Draft Genome Sequence of Paraburkholderia sp. UYCP14C, a Rhizobium Strain Isolated from Root Nodules of Calliandra parvifolia

Mauricio Langleib a,b, Martín Beracochea a, María Zabaleta a,c, Federico Battistoni a, José Sotelo-Silveira d, Elena Fabiano a, Andrés Iriarte b,, Raúl Platero a,
Editor: Frank J Stewarte
PMCID: PMC6473141  PMID: 31000547

Here, we present the draft genome sequence of strain UYCP14C, a rhizobium isolated from Calliandra parvifolia nodules. The assembled genome size was around 9.8 million bp, containing 9,031 predicted protein-coding sequences, including several symbiotic and nitrogen fixation genes.

ABSTRACT

Here, we present the draft genome sequence of strain UYCP14C, a rhizobium isolated from Calliandra parvifolia nodules. The assembled genome size was around 9.8 million bp, containing 9,031 predicted protein-coding sequences, including several symbiotic and nitrogen fixation genes. UYCP14C appears to be a novel species of the plant growth-promoting Paraburkholderia genus.

ANNOUNCEMENT

The genus Paraburkholderia is composed of Gram-negative, rod-shaped, straight or slightly curved bacteria that contain one or more flagella. These bacteria are metabolically and morphologically similar to the members of their sister clades Burkholderia, Caballeronia, and Robbsia (1, 2). Paraburkholderia comprises diverse environmental and plant-beneficial strains, including dinitrogen-fixing legume symbionts (39). In particular, the ability of Paraburkholderia spp. to nodulate plants of the genus Calliandra has been reported (10). The genome sequences of these rhizobia are valuable resources for understanding the mechanisms and evolution of beneficial plant-microbe interactions (11).

Here, we present the draft genome sequence of the bacterial strain UYCP14C, a rhizobium isolated from root nodules of the native legume Calliandra parvifolia, naturally occurring in Rio Negro Department, Uruguay.

Root nodule collection and symbiotic bacterial isolation were performed as previously described (12, 13). UYCP14C identification was performed at EzBioCloud (14) using the PCR-amplified 16S rRNA gene sequence. The most similar sequence (99.49%) corresponded to Paraburkholderia monticola strain JC2948T. Genomic DNA was isolated from stationary-phase cultures in liquid tryptone-yeast (TY) medium (15) using the ZR fungal/bacterial DNA kit (ZymoResearch).
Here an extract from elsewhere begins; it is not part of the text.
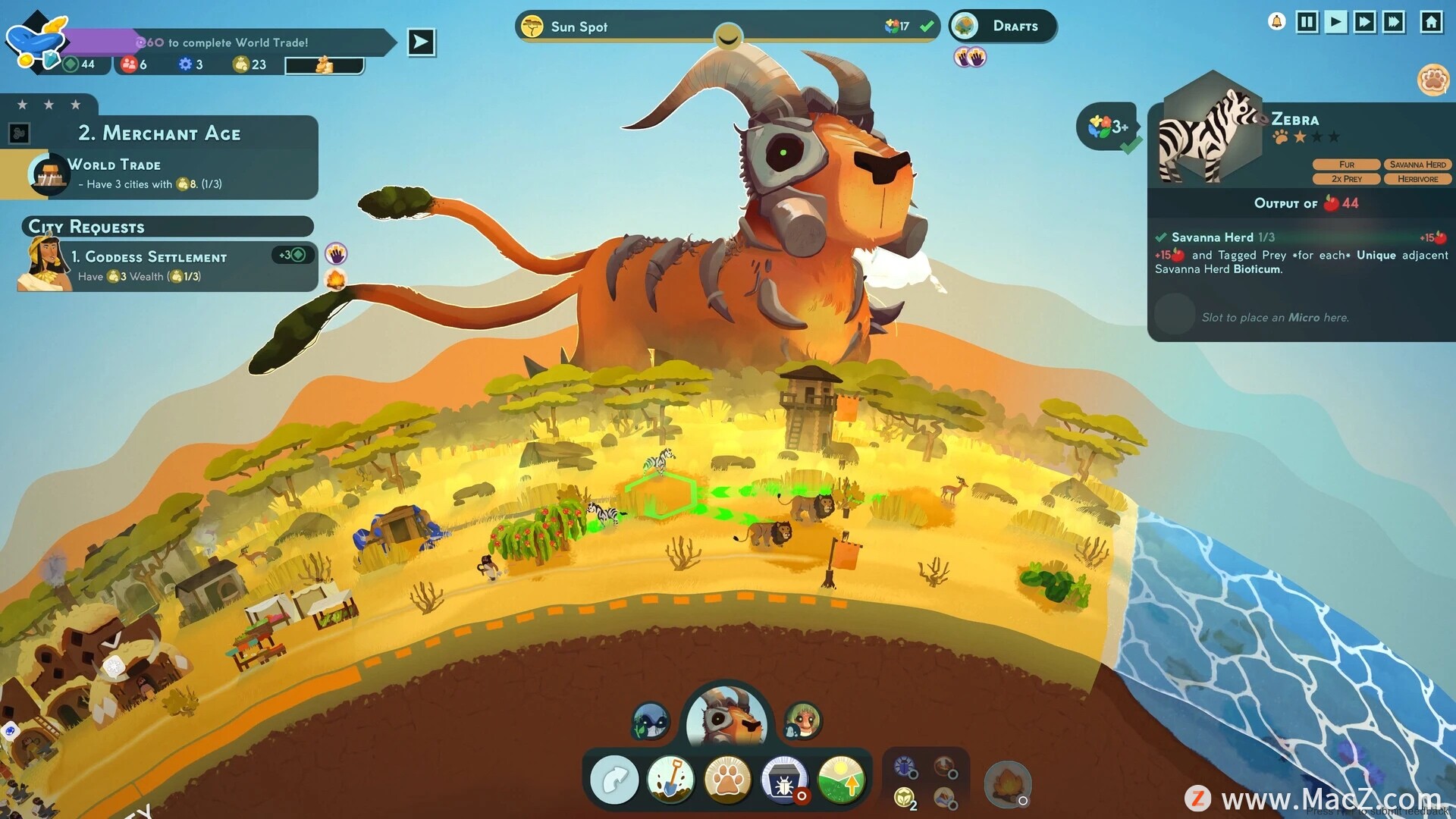 改造各种生物群落,巧妙地结合这些环境中特有的植物、动物和材料。通过不断尝试,你会发现哪些组合最符合居民的需求和目标,从而开启他们激动人心的新纪元。

The whole-genome, paired-end library was constructed using the TruSeq PCR-free kit (Illumina), and samples were run on a HiSeq 2500 sequencer (Illumina) at Macrogen (South Korea). A total of 2.3 × 107 paired-end reads 101 bp long were produced, with 99.66% of the reads having a Phred quality score over 30.

Sequence trimming was performed using Sickle 1.33 (16). The UYCP14C genome was assembled with SPAdes v3.9.0 (17), keeping paired reads unmerged before assembly. The kmer length parameter was set to 21, 33, 55, and 77, and SPAdes was executed with the “–careful” flag, which activates the BayesHammer read correction module (18). Genome assembly quality was assessed with QUAST v5.0.1 (17). The total assembly sums 9.83 megabase pairs, distributed in 427 contigs, with an N50 contig size of 121.2 kb and a maximum length of 381.2 kb. The average coverage reported by the assembler is approximately 60×. Genome G+C content was 63.07%, which is within the range reported for Paraburkholderia species (2).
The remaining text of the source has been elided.